La fille de Thierry Bargues s'est peut-être laissée convaincre par son mari de s'installer à Montauban, mais elle ne souhaite toujours pas travailler à la blanchisserie. Elle continue d'oeuvrer pour la BNP et s'occupe d'analyser les comptes de grandes entreprises du Sud-Ouest. « Entre 2012 et 2014 j'ai changé de poste, parce que je m'ennuyais. » Elle gère alors une agence bancaire, mais cela ne la passionne pas non plus. Finalement, c'est l'entreprise familiale qui va lui donner l'occasion de prendre du plaisir avec un gros projet. L'idée est de racheter la société avec son mari et de la transformer. Le challenge est de taille, et les inconnues nombreuses, même en dehors du facteur économique. Par exemple, le fait de travailler avec Julien au jour le jour: «on appréhendait pas mal. Mais on s'occupe chacun de notre partie, ça se passe bien et finalement, on se voit! Parce qu'on a toujours beaucoup travaillé, là au moins on se croise. Après, c'est sûr que l'on parle encore de l'entreprise une fois à la maison. » Lui s'occupe de la partie production, et elle de l'administratif et des finances. Ils se partagent l'aspect commercial. Autre élément humain d'importance, Stéphanie doit devenir la patronne de salariés qu'elle tutoie pour certains et qui la connaissent depuis toujours. Mais là aussi la transition se passe bien. 

En 2016, Julien et Stéphanie rachètent la société et début 2017, c'est la révolution. Le couple monte un dossier de financement et l'entreprise met 4 M€ sur la table, pour un déménagement dans des locaux trois fois plus grands et la refonte totale du système de production. « Une société qui ne se développe pas est une société morte », assure Stéphanie Autha. Les nouvelles machines et les outils flambant neufs sont pensés pour permettre une croissance importante de l'activité de l'entreprise, limiter fortement la consommation d'énergie mais aussi d'eau, et réduire la pénibilité du travail des employés, qui ont été associés à la transformation de la blanchisserie. « La méthodologie du travail a évolué du tout au tout. Le changement a été accompagné par la médecine du travail et on a associé les salariés aux plans de la future usine. Avant le déménagement, tout le monde savait à quoi s'attendre, sur quoi ils allaient travailler. Avec Julien, on a beaucoup réfléchi sur le bien-être personnel au travail. On y passe notre vie, si les salariés ne sont pas bien, ils ne seront pas productifs. Chez nous, la moitié des employés a une médaille du Travail. » 

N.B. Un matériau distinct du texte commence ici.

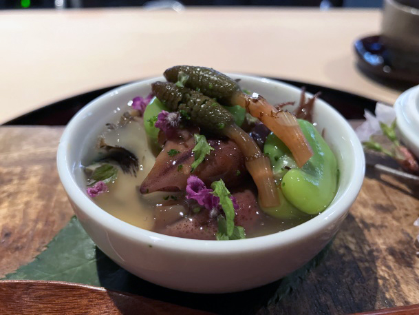 先付 卵豆腐 アワビ ほたるいか そら豆 土筆

Autre ingrédient qui explique la réussite du projet, la qualité du service proposé par la blanchisserie Bargues. «Ce qui nous intéresse, c'est de bien faire notre métier, précise Julien Autha. On s'applique: on a construit notre structure pour se mettre au diapason avec les nouvelles normes : on a une zone aseptique, on désinfecte tous nos chariots, on réalise des tests bactériologiques très régulièrement.» Les idées innovantes et la méthode de Stéphanie et Julien Autha fonctionnent bien, les chiffres parlent pour eux. Ils poursuivent leurs efforts et l'accompagnement de la croissance: 1 M€ va être investi en début d'année 2019 pour suivre le développement de l'activité, et faire l'acquisition d'un train de repassage. Le cap est fixé: « On veut continuer de se développer en gardant l'esprit familial », conclut Stéphanie.